In 1995, Parker sent a paper to the state Ethnic Affairs Commission, leading to the establishment of a government task force. It found that growers were unable to read the English-only labels and safety instructions on chemicals. It also discovered that more than half the growers from non-English speaking backgrounds reported feeling ill after using chemicals, yet only one-third had a blood test.

It is now three years since the task force concluded, but there is still no reliable data on the health status of the growers and no adverse incident reporting scheme. “It appears likely that acute poisonings possibly due to pesticide exposure are not recorded as such,” Parker and Suriyabanadara concluded last year.

The government has proposed a new regulation under the Pesticides Act requiring all farmers to keep chemical spray records for three years. Parker believes that without assistance the market gardeners will be unable to comply.

Mark Oakwood from the Total Environment Centre has condemned the government’s cuts to the testing program. “To assume that food in NSW is free of harmful pesticide residues based on only 300 samples is laughable,” he said in a recent media release. “To make the situation even worse, there are many loopholes that escape the feeble survey attempts of government. The big supermarket chains do their own testing, but do not release the results, and small growers can sell their produce direct to local growers, without any testing whatsoever”.

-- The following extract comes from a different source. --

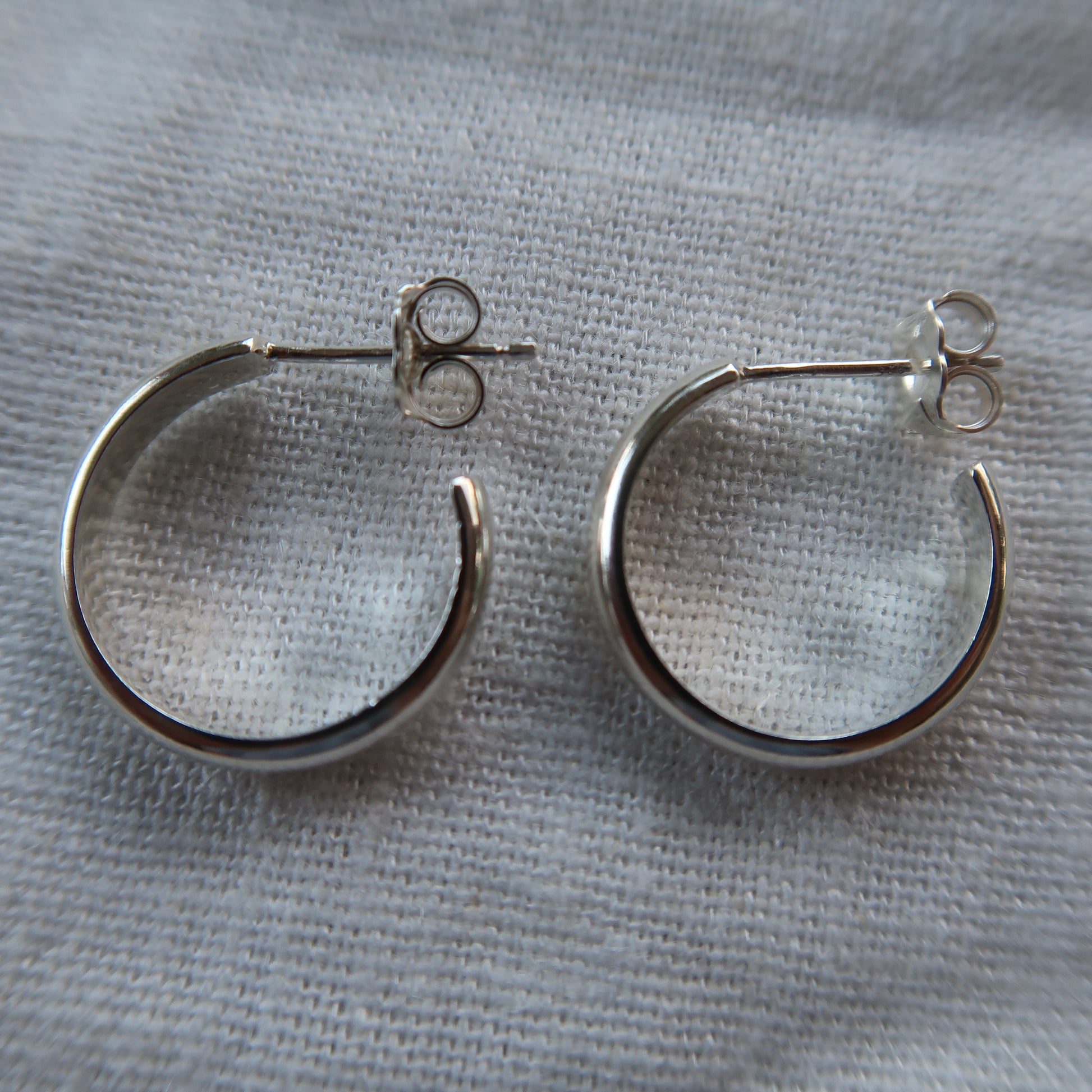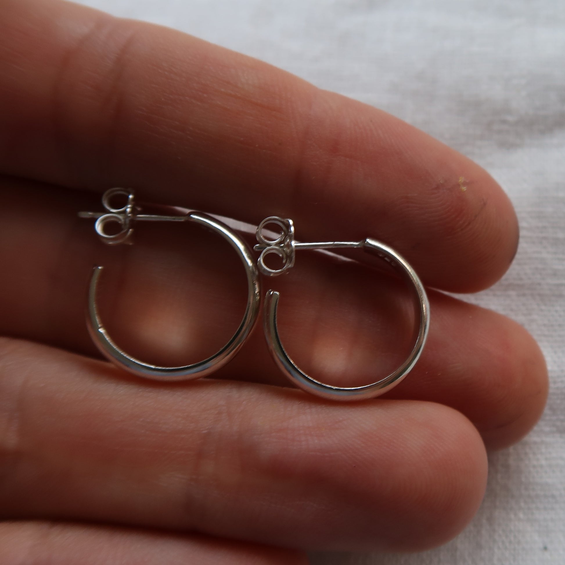 Minimal and timeless, these sterling silver studs are hand-formed from solid half-round wire, offering a subtle curve that catches the light just right. Perfect for everyday wear or layered with other earrings for an effortless look.

Some of the pesticides are known to have serious health effects. Organophoshate compounds can undermine the proper functioning of the nervous system, causing dizziness and sometimes convulsions that may lead to death. Carbamate exposure can reduce fertility and hemoglobin levels. Phenoxyl herbicides are believed to be responsible for delayed foetal development, mutations and cancer.

Since the media highlighted the plight of the market gardeners in April, the government has been at pains to assure consumers that remedial action will be taken. The NSW Environmental Trust has awarded Parker a $250,000 grant to develop an integrated pest management strategy for farmers. An education and training program for growers is to be implemented over five years. Various working groups have been set up.

However, none of this will alleviate the financial pressures on growers. Moreover, the state government appears loathe to cut across the substantial profit interests of the companies involved. In 2000, the top seven corporations producing agricultural chemicals—Syngenta, Monsanto, Aventis, DuPont, Dow, Bayer and BASF—accounted for sales of $US22.7 billion worldwide.